A number of methods have been proposed that exploit an action-value function to learn a multi-agent model (sunehag2017value, rashid2018qmix, du2019liir, mahajan2019maven, hostallero2019learning, zhou2020learning, yang2020multi
). However, current methods have poor representation learning ability and fail to exploit the common structure underlying the tasks this is because they tend to treat observation from different entities in the environment as an integral part of the whole. Accordingly, they give tacit support to the assumption that neural networks are able to automatically decouple the observation to find the best mapping between the whole observation and policy. Adopting this approach means that they treat all information from other agents or different parts of the environment in the same way. The most commonly used method involves concatenating the observations from each entity in to a vector that is used as input (rashid2018qmix, du2019liir, zhou2020learning). In addition, current methods ignore the rich physical meanings behind each action. Multi-agent tasks feature a close relationship between the observation and output. If the model does not decouple the observation from the different agents, individual functions maybe misguided and impede the centralized value function. Worse yet, conventional models require the input and the output dimensions to be fixed (shao2018starcraft, wang2020few), which makes zero-shot transfer impossible. Thus, the application of current methods is limited in real-world applications.
Our solution to these problems is to develop a multi-agent reinforcement learning (MARL) framework with no limitation on input or output dimension.

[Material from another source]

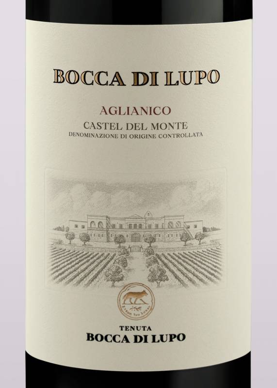 Vino Bocca di Lupo Doc Aglianico cl 75 fermentazione malolattica di 15 mesi in barrique di rovere poi affinamento in bottiglia per 24 mesi grande struttura equilibrio e morbidezza

Moreover, this model should be general enough to be applicable to any existing MARL methods. More importantly, the model should be explainable and capable of providing further improvement for both the final performance on single-task scenarios and transfer capability on multi-task scenarios.
Inspired by the self-attention mechanism (vaswani2017attention), we propose a transformer-based MARL framework, named Universal Policy Decoupling Transformer (UPDeT). There are four key advantages of this approach: 1) Once trained, it can be universally deployed; 2) it provide more robust representation with a policy decoupling strategy; 3) it is more explainable; 4) it is general enough to be applied on any MARL model. We further design a transformer-based function to handle various observation sizes by treating individual observations as ”observation-entities”. We match the related observation-entity with action-groups by separating the action space into several action-groups with reference to the corresponding observation-entity, allowing us to get matched observation-entity — action-group pairs set. We further use a self-attention mechanism to learn the relationship between the matched observation-entity and other observation-entities. Through the use of self-attention map and the embedding of each observation-entity, UPDeT can optimize the policy at an action-group level. We refer to this strategy as Policy Decoupling. By combining the transformer and policy decoupling strategies, UPDeT significantly outperforms conventional RNN-based models.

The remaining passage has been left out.